Tom Waits once said, “It’s not that the world is over-populated; it’s just that everyone wants to live in the same places.”
He wasn’t wrong, but his logic was specious. There’s a reason that millions of people crowd into Mumbai, New York, and Beijing: opportunity, or the lack of opportunity in the places they left.
Still, such heavy population creates indisputable strains on the infrastructure of those cities, makes living there harder and more competitive, and doesn’t really work in favor of a vast number of people who try to “make it.” For them, what began as a good-faith effort to improve one’s life ends with a lifelong struggle just to survive.
The same can be said of academia. Maybe it’s not that there’s a crisis in higher education; it’s just that there are too many PhDs and not enough jobs.

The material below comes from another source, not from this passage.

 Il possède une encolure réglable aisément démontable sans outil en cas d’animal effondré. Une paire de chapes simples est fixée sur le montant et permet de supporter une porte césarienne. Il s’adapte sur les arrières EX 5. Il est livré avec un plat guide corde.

This leads to myriad problems: a graduate-student stipend that’s near or below the poverty line; a foreboding sense for the duration of your studies that you will be living in your parents’ basement when you finish; the increasing likelihood that if you do get a job, it will be an adjunct appointment; and a host of attendant psychological issues that stem from all of the above.
And yet, scores of people subject themselves to this torture year after year. It’s as if they’ve been brainwashed. (If you think I’m exaggerating, see William Pannabacker’s brilliant 2004 essay for the Chronicle of Higher Education, “Is Graduate School a Cult?“)

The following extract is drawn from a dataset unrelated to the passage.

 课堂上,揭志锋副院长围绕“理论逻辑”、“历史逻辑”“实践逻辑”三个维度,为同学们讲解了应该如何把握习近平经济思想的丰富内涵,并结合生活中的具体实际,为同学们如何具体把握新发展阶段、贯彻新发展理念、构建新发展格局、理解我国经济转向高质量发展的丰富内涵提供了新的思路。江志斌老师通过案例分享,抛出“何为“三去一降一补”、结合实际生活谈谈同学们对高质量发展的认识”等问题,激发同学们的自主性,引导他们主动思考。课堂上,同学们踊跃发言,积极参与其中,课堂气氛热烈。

Johns Hopkins has an idea: Accept fewer PhD candidates, up to 25 percent fewer over the next five years. Those who do get in will be paid the princely sum of $30,000 per year — it may not sound like much to people in the regular working world, but in academia, with a stipend like that your name might as well be Rockefeller — and the process of getting the degree will ostensibly be more humane. Not to mention the post-degree job hunt. Graduates might actually get full-time jobs!
Naturally, the plan, if implemented, will make getting in a lot harder. Already an elite institution, Johns Hopkins would become über-elite. But even that has universal benefits: If getting into a PhD program were more like getting into Yale Law (also nearly impossible, based on my unscientific, anecdotal observations), then there will be no shame whatsoever in not getting into one. And all of those would-be academics can join the world and find a new career while they’re still young enough to build one.
After all, just as surely as life goes on outside the big city, so it goes outside of academia too. We simply need to reframe how we think of that life.